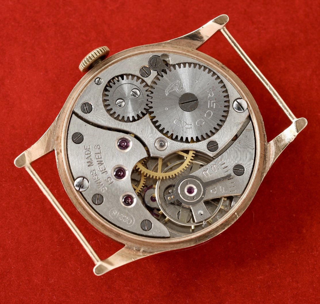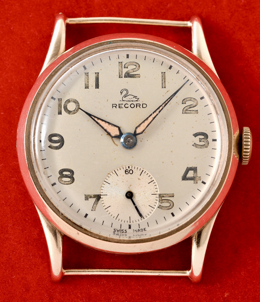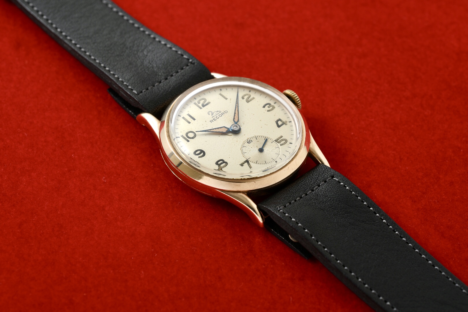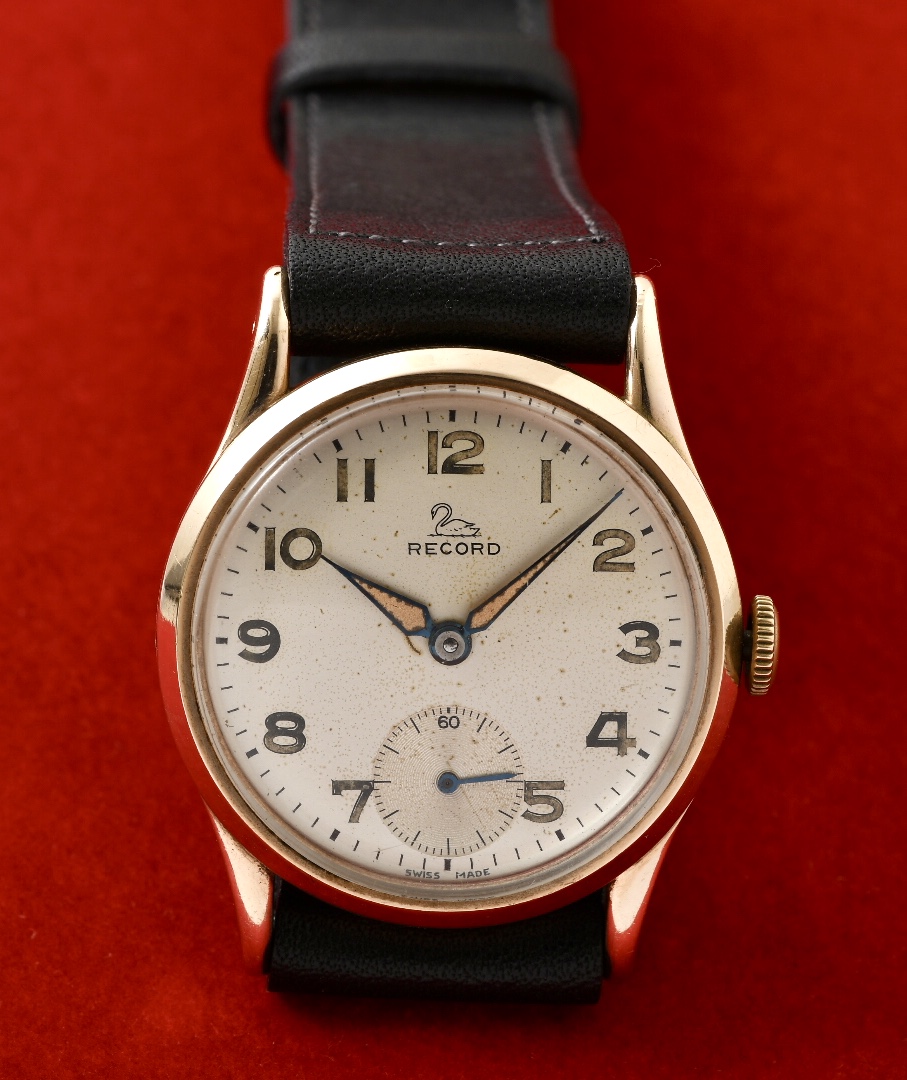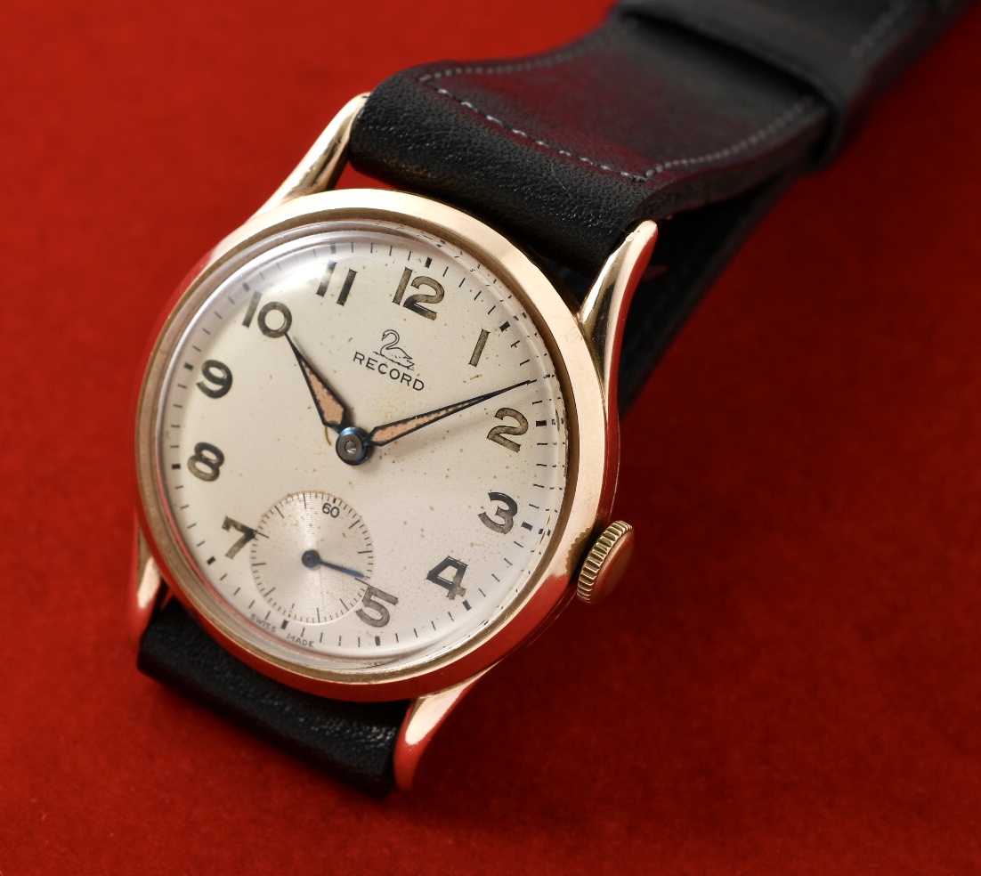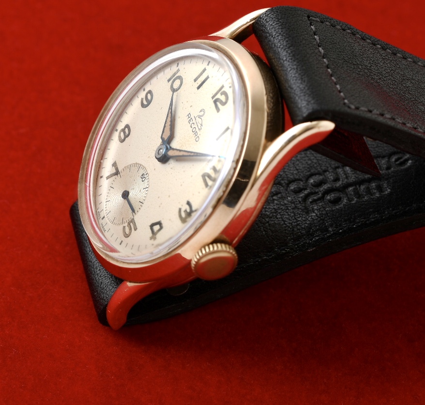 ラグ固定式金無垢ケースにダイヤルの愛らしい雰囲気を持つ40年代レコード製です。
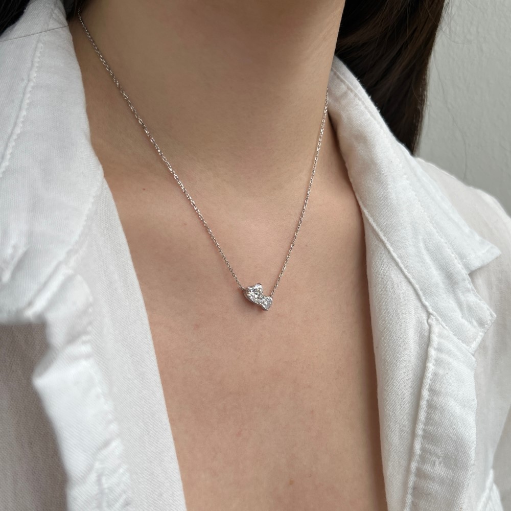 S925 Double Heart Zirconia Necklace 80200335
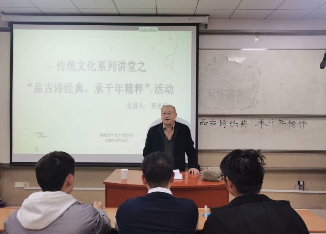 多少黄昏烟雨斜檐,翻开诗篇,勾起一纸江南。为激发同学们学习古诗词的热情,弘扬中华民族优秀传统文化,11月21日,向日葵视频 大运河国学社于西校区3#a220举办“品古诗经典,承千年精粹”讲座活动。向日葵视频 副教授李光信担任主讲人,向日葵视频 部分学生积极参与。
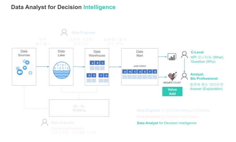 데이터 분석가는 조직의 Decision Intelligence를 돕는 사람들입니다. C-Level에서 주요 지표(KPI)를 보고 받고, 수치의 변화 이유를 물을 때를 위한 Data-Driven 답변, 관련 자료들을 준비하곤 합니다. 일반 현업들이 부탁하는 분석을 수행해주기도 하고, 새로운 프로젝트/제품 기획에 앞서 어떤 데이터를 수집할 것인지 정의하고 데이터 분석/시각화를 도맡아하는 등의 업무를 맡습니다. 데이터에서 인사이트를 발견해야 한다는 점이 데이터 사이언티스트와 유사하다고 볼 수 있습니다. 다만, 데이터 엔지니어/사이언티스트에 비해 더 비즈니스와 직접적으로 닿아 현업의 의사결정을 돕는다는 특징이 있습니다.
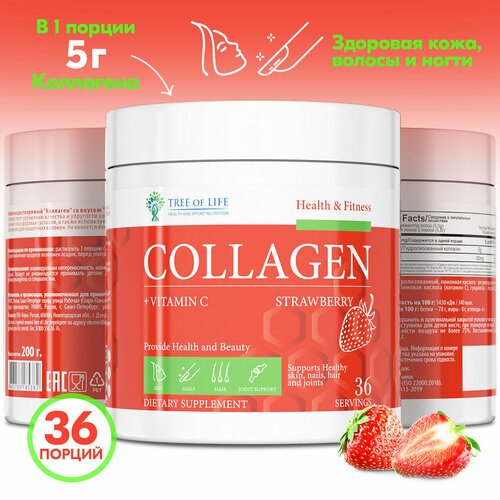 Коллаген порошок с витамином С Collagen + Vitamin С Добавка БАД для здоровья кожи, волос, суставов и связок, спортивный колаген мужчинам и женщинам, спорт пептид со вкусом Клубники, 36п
#####
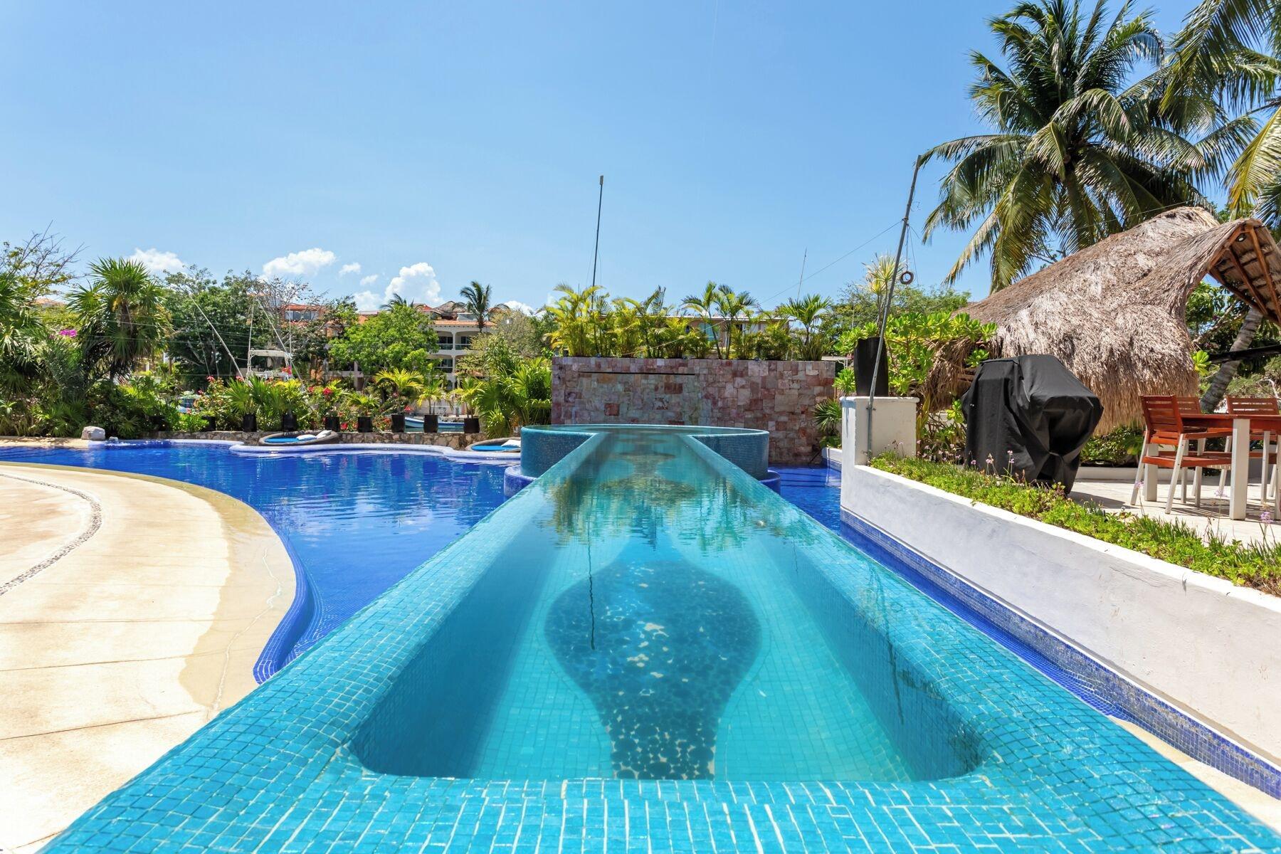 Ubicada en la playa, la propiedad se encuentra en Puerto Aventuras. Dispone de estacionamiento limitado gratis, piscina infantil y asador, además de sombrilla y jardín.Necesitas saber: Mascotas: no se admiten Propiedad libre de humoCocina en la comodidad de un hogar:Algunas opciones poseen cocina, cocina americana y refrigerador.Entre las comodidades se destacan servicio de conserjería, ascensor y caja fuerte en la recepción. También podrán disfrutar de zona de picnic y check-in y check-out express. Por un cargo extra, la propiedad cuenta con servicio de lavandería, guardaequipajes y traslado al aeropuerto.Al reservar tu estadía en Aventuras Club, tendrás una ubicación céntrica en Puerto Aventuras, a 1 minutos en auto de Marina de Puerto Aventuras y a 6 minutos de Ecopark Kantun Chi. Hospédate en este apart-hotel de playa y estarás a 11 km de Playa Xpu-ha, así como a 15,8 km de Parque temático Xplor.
#####
▸ Task statement: In the data above, the stretch from the line with "ラグ固定式金無垢ケースにダイヤルの愛らしい雰囲気を持つ40年代レコード製です。" through the line with "Коллаген порошок с" is to be returned exactly, minus any pictures.

▸ Solution to this problem:
 ラグ固定式金無垢ケースにダイヤルの愛らしい雰囲気を持つ40年代レコード製です。
 S925 Double Heart Zirconia Necklace 80200335
 多少黄昏烟雨斜檐,翻开诗篇,勾起一纸江南。为激发同学们学习古诗词的热情,弘扬中华民族优秀传统文化,11月21日,向日葵视频 大运河国学社于西校区3#a220举办“品古诗经典,承千年精粹”讲座活动。向日葵视频 副教授李光信担任主讲人,向日葵视频 部分学生积极参与。
 데이터 분석가는 조직의 Decision Intelligence를 돕는 사람들입니다. C-Level에서 주요 지표(KPI)를 보고 받고, 수치의 변화 이유를 물을 때를 위한 Data-Driven 답변, 관련 자료들을 준비하곤 합니다. 일반 현업들이 부탁하는 분석을 수행해주기도 하고, 새로운 프로젝트/제품 기획에 앞서 어떤 데이터를 수집할 것인지 정의하고 데이터 분석/시각화를 도맡아하는 등의 업무를 맡습니다. 데이터에서 인사이트를 발견해야 한다는 점이 데이터 사이언티스트와 유사하다고 볼 수 있습니다. 다만, 데이터 엔지니어/사이언티스트에 비해 더 비즈니스와 직접적으로 닿아 현업의 의사결정을 돕는다는 특징이 있습니다.
 Коллаген порошок с витамином С Collagen + Vitamin С Добавка БАД для здоровья кожи, волос, суставов и связок, спортивный колаген мужчинам и женщинам, спорт пептид со вкусом Клубники, 36п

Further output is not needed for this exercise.